◆ WHAT THIS TASK INVOLVES: Line for line, return the data exactly, omitting all pictures.

[Items from a data source]
▼

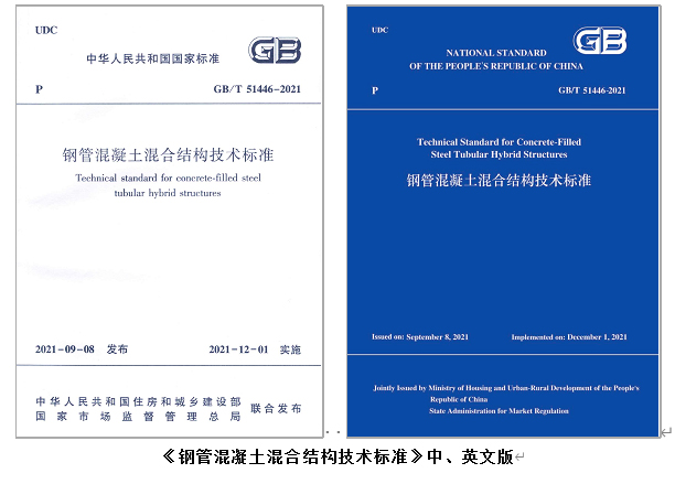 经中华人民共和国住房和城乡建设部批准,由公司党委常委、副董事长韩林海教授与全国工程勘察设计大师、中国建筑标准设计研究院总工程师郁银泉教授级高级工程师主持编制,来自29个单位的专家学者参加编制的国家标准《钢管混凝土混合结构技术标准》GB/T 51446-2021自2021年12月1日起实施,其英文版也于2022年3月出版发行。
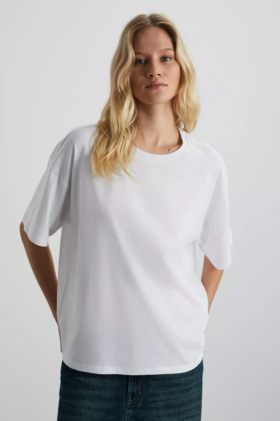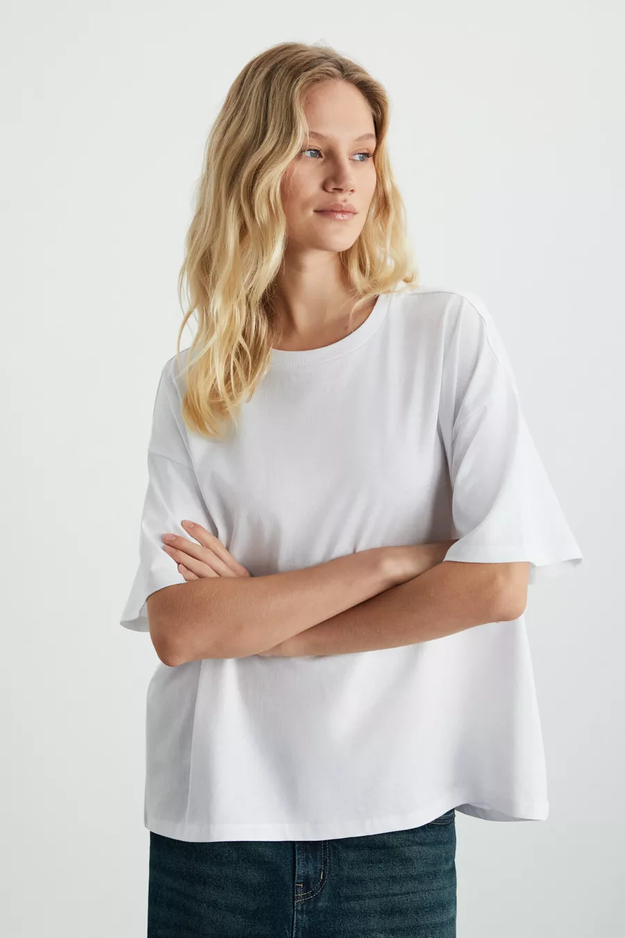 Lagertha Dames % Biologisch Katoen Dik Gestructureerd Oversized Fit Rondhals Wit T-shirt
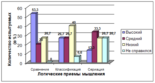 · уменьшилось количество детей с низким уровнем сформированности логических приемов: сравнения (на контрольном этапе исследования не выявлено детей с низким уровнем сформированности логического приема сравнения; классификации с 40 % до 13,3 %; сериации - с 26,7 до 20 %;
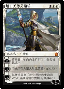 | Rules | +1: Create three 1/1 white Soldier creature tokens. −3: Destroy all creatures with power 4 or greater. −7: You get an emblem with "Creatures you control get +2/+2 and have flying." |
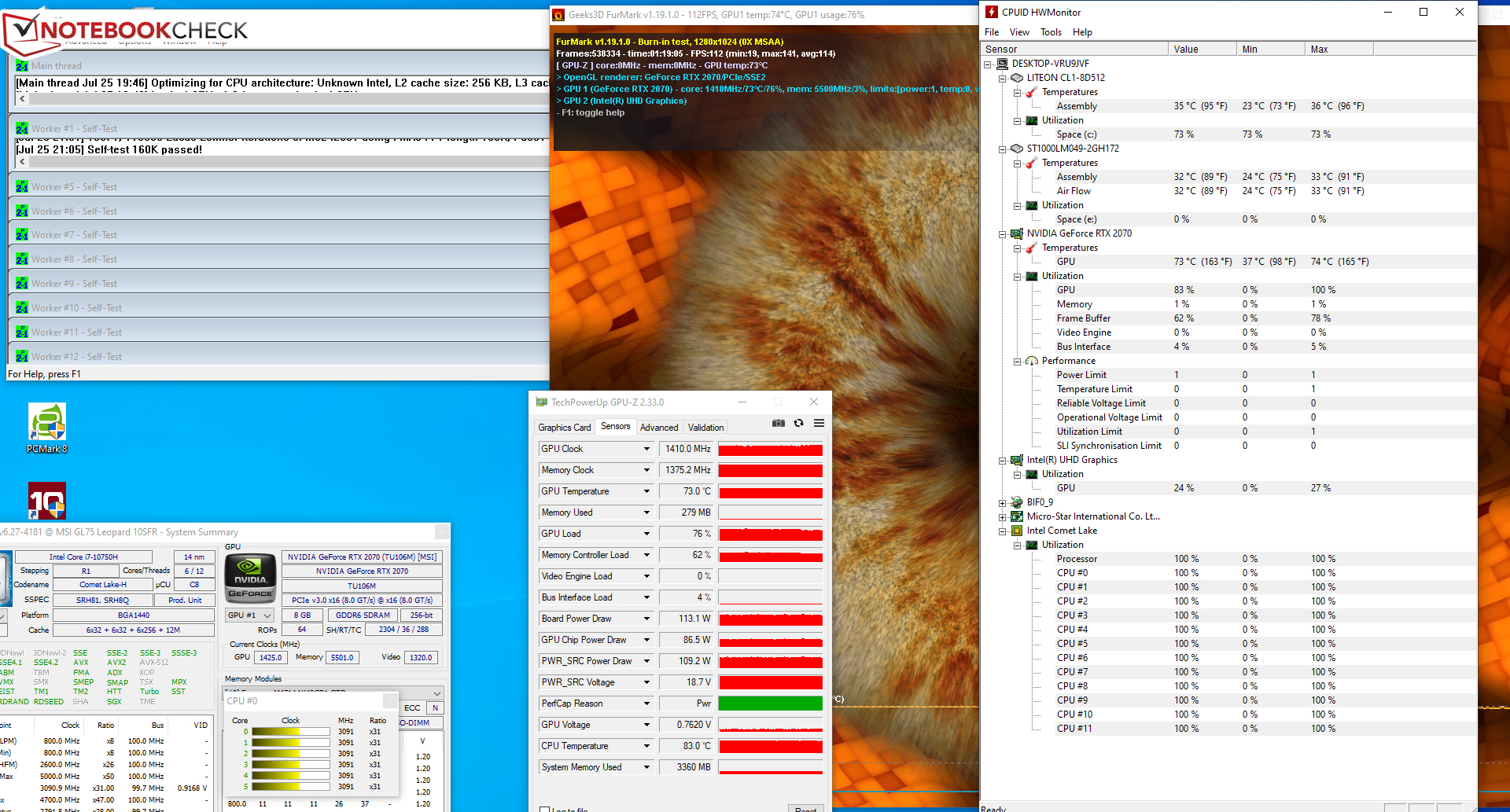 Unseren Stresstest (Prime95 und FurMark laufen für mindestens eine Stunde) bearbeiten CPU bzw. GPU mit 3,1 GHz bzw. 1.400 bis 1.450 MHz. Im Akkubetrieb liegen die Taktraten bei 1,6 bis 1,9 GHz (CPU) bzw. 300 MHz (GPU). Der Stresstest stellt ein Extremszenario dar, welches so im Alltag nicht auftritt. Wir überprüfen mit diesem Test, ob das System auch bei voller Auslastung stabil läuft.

▲

◆ EXERCISE RESPONSE:
 经中华人民共和国住房和城乡建设部批准,由公司党委常委、副董事长韩林海教授与全国工程勘察设计大师、中国建筑标准设计研究院总工程师郁银泉教授级高级工程师主持编制,来自29个单位的专家学者参加编制的国家标准《钢管混凝土混合结构技术标准》GB/T 51446-2021自2021年12月1日起实施,其英文版也于2022年3月出版发行。
 Lagertha Dames % Biologisch Katoen Dik Gestructureerd Oversized Fit Rondhals Wit T-shirt
 · уменьшилось количество детей с низким уровнем сформированности логических приемов: сравнения (на контрольном этапе исследования не выявлено детей с низким уровнем сформированности логического приема сравнения; классификации с 40 % до 13,3 %; сериации - с 26,7 до 20 %;
 | Rules | +1: Create three 1/1 white Soldier creature tokens. −3: Destroy all creatures with power 4 or greater. −7: You get an emblem with "Creatures you control get +2/+2 and have flying." |
 Unseren Stresstest (Prime95 und FurMark laufen für mindestens eine Stunde) bearbeiten CPU bzw. GPU mit 3,1 GHz bzw. 1.400 bis 1.450 MHz. Im Akkubetrieb liegen die Taktraten bei 1,6 bis 1,9 GHz (CPU) bzw. 300 MHz (GPU). Der Stresstest stellt ein Extremszenario dar, welches so im Alltag nicht auftritt. Wir überprüfen mit diesem Test, ob das System auch bei voller Auslastung stabil läuft.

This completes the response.